## Problem statement
Nothing but the lines below between the line holding "10 ks Repelentní" and the line holding "Business Hours component", inclusive, should appear in the answer, each set down exactly.

## Available records
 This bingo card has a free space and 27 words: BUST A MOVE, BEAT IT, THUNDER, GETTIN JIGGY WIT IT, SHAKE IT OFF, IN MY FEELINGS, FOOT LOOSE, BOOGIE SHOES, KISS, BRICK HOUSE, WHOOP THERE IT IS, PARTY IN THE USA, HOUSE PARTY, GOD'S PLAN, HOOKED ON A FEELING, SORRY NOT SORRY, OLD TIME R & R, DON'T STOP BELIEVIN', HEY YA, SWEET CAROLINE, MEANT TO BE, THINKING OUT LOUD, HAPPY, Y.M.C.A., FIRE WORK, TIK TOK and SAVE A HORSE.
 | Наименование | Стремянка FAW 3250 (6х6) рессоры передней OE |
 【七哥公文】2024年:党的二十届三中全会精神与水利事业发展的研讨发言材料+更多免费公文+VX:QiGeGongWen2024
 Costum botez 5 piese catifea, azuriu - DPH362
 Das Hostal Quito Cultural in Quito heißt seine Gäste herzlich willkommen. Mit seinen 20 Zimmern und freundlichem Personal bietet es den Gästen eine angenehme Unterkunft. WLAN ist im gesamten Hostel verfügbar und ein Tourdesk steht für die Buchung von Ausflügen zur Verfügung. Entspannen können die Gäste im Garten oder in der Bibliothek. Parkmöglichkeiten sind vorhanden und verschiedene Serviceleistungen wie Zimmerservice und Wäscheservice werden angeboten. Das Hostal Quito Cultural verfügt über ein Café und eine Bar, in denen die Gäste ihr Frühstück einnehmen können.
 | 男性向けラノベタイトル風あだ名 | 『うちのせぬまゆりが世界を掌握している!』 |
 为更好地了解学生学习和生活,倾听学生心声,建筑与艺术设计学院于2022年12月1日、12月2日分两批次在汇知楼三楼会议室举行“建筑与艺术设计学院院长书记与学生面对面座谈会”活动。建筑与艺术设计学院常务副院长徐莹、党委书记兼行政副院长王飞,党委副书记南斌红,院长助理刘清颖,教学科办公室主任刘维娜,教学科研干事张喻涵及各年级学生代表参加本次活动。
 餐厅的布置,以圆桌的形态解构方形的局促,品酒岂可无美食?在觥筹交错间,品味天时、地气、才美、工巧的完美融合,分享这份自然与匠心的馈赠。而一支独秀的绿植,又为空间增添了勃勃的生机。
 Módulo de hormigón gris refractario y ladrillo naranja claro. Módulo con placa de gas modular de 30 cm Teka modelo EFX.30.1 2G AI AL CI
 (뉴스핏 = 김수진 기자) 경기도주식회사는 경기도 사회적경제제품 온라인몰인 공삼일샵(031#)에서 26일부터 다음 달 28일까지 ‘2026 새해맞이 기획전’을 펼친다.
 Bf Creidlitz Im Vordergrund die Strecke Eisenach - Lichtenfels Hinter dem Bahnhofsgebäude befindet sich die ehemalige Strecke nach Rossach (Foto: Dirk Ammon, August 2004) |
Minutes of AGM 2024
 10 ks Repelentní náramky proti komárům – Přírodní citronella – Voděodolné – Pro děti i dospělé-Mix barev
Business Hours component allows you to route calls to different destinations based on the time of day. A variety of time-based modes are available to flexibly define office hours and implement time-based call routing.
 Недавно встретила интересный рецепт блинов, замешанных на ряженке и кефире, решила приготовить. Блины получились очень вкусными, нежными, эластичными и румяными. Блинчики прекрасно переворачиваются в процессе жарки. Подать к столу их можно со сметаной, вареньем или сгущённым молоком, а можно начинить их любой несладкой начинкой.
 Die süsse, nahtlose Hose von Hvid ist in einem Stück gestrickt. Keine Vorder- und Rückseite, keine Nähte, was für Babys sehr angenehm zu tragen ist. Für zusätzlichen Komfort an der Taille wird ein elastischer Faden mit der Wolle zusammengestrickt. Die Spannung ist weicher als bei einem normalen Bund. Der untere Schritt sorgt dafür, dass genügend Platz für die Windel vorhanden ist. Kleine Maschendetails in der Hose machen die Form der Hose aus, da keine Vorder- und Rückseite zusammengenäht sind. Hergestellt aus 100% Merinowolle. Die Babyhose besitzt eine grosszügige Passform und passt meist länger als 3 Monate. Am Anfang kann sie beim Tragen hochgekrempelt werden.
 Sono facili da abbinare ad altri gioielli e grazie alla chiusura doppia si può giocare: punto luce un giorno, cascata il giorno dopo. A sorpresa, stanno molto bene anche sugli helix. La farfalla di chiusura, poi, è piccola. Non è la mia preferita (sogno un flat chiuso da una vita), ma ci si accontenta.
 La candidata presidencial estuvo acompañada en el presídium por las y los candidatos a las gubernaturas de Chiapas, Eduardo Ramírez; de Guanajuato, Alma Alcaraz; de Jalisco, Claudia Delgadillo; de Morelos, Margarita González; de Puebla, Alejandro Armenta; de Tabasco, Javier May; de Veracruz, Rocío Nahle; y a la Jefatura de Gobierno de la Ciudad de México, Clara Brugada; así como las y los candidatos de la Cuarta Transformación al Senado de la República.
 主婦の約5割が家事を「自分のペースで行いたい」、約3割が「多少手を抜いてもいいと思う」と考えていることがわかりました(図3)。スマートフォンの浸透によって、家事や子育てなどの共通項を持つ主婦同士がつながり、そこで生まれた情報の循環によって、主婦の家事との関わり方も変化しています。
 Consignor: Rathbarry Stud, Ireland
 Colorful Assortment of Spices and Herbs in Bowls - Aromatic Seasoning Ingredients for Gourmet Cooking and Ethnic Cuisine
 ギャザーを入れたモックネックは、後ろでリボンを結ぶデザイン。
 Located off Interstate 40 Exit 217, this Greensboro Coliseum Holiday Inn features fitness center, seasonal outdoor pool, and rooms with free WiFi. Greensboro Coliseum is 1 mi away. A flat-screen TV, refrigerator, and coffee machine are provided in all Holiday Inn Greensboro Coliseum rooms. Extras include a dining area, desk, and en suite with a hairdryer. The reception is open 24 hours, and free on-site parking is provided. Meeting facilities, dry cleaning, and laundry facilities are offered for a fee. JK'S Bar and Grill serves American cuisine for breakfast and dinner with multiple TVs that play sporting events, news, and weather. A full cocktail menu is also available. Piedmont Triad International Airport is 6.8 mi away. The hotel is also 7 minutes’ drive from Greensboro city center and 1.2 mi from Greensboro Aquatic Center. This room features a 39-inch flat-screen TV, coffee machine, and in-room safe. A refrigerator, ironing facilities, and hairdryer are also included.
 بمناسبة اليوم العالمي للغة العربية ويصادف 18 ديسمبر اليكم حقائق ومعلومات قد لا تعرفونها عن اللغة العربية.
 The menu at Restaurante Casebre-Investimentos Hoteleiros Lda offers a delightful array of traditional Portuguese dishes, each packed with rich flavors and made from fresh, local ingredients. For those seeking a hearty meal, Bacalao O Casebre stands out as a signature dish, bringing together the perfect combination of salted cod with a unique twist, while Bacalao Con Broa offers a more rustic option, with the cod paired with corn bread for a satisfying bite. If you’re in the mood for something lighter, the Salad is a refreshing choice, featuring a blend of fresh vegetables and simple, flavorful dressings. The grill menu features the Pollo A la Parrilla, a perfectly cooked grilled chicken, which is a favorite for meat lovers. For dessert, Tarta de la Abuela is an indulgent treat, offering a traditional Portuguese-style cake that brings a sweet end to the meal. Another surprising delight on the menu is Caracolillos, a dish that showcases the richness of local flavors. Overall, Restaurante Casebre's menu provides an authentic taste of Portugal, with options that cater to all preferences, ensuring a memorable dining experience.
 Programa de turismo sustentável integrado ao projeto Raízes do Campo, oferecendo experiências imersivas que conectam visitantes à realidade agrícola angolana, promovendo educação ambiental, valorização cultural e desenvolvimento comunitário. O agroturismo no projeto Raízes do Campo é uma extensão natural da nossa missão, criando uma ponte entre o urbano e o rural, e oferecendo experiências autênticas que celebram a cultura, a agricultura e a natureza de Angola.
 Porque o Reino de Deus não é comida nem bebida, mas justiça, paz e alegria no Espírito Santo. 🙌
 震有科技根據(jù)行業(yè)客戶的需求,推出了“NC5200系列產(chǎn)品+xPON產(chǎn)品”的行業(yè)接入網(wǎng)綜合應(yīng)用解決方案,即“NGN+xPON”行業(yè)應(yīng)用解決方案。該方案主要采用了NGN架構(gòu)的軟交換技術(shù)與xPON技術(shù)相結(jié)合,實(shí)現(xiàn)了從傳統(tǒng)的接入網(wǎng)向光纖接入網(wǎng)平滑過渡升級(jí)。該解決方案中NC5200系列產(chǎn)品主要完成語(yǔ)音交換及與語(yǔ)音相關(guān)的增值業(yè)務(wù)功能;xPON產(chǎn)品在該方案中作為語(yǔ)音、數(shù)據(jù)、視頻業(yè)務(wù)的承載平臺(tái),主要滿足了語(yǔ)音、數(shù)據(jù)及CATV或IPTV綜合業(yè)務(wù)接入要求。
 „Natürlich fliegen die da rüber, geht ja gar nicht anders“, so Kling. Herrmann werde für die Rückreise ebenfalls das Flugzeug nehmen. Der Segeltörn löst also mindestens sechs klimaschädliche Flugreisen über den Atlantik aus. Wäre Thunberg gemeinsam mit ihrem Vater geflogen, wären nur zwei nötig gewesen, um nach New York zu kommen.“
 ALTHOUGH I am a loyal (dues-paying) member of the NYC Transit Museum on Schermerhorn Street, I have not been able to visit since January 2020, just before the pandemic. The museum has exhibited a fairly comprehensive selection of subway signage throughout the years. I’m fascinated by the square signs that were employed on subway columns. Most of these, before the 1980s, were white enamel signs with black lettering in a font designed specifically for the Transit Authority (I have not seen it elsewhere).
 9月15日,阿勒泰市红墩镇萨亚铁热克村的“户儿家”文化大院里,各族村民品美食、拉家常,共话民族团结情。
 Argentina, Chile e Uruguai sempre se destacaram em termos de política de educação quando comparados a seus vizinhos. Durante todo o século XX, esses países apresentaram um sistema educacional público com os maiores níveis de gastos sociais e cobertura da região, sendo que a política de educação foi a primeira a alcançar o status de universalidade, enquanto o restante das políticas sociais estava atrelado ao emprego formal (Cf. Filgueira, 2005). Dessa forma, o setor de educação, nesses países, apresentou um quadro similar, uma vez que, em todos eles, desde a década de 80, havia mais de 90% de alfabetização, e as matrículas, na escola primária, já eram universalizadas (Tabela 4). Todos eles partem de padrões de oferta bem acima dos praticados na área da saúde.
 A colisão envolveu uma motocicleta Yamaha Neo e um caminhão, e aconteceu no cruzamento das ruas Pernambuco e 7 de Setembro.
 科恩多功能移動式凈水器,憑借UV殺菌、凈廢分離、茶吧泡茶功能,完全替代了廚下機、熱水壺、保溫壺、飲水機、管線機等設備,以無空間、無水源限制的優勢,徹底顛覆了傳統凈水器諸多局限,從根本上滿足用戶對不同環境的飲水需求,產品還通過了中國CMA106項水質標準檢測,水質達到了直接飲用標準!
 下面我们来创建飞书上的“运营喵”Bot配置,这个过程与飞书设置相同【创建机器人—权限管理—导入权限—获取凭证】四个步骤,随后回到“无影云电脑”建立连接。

## Task answer
 10 ks Repelentní náramky proti komárům – Přírodní citronella – Voděodolné – Pro děti i dospělé-Mix barev
Business Hours component allows you to route calls to different destinations based on the time of day. A variety of time-based modes are available to flexibly define office hours and implement time-based call routing.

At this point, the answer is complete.